++++ Material provided

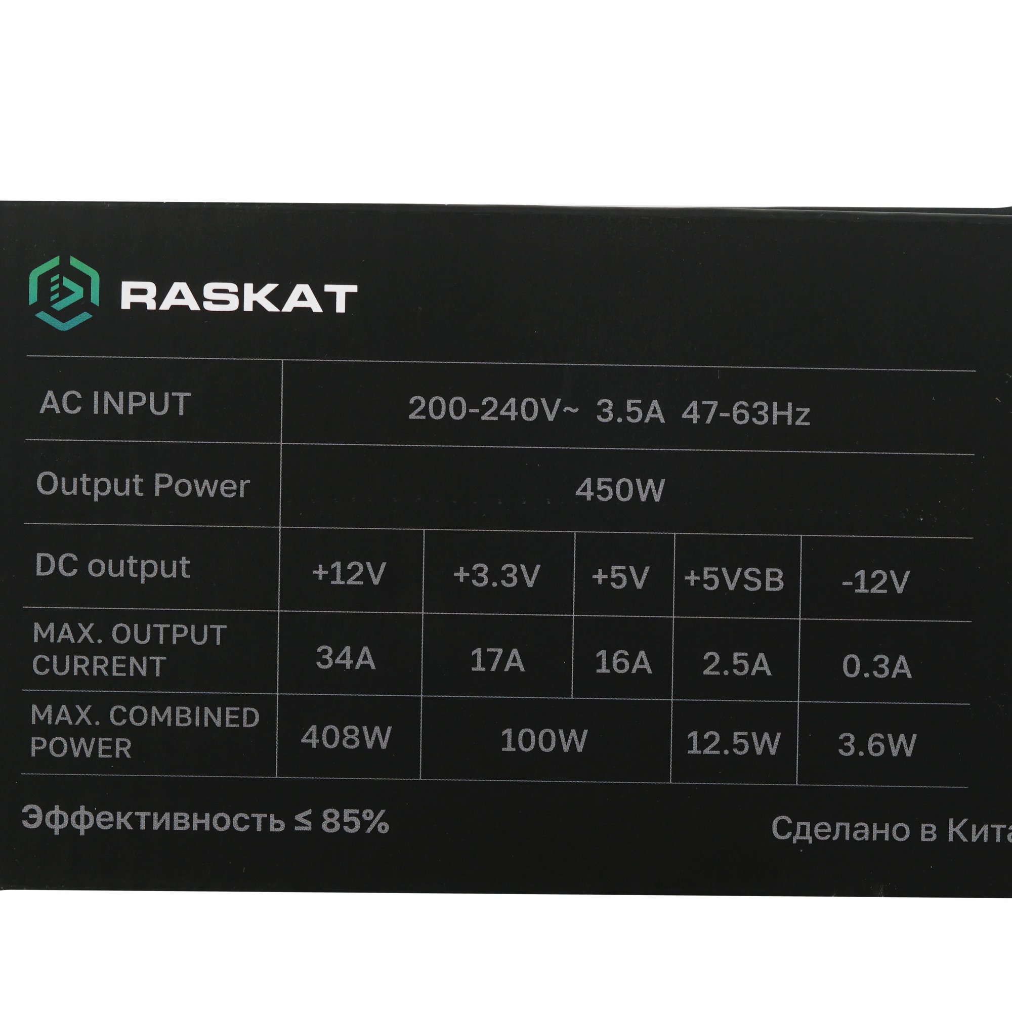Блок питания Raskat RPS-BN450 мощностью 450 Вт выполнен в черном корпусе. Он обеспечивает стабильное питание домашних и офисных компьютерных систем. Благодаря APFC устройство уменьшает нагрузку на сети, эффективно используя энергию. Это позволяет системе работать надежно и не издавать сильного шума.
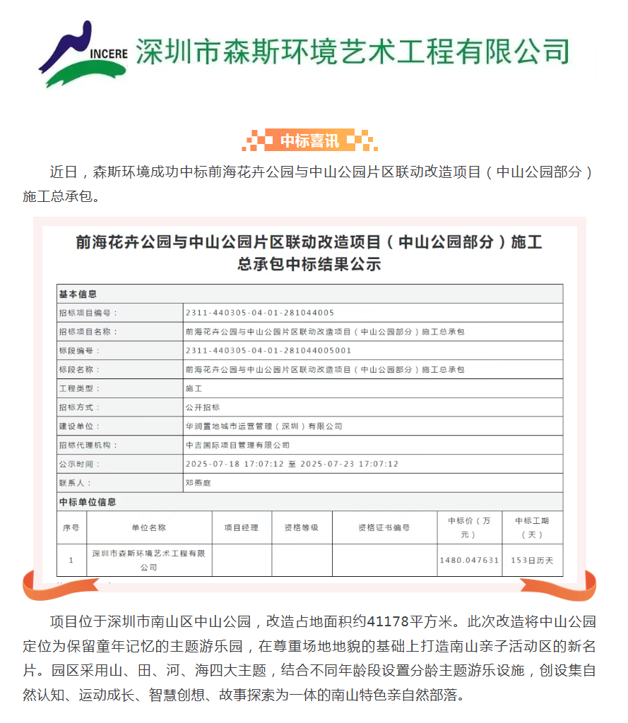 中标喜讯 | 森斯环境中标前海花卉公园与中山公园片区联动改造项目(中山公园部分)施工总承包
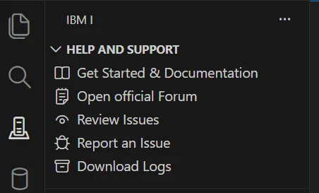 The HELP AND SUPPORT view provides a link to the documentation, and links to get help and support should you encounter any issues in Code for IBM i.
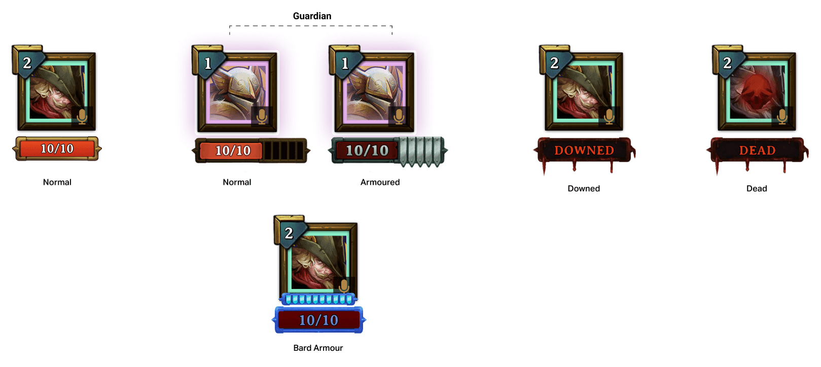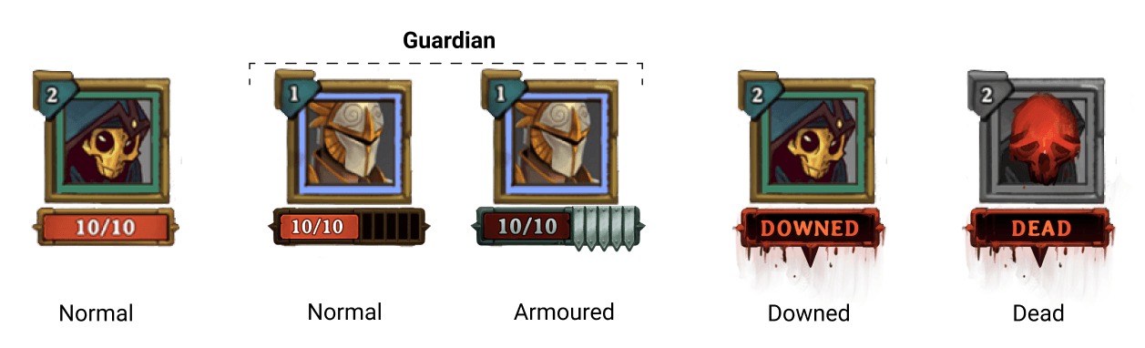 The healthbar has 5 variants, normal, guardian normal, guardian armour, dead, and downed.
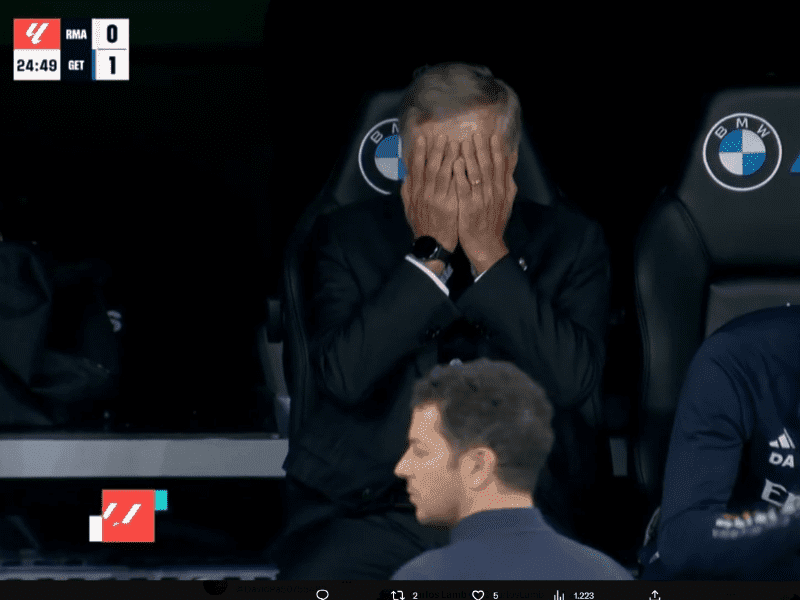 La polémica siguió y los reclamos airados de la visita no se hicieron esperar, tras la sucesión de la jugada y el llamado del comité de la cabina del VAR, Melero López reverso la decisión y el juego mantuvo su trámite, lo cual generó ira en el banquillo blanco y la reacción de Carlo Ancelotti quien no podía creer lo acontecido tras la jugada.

++++++++

*Assignment*: Skip all pictures. Copy exactly the lines from the one containing "The HELP AND" through the end of the records, both ends included.

*Output of the exercise*:
 The HELP AND SUPPORT view provides a link to the documentation, and links to get help and support should you encounter any issues in Code for IBM i.
 The healthbar has 5 variants, normal, guardian normal, guardian armour, dead, and downed.
 La polémica siguió y los reclamos airados de la visita no se hicieron esperar, tras la sucesión de la jugada y el llamado del comité de la cabina del VAR, Melero López reverso la decisión y el juego mantuvo su trámite, lo cual generó ira en el banquillo blanco y la reacción de Carlo Ancelotti quien no podía creer lo acontecido tras la jugada.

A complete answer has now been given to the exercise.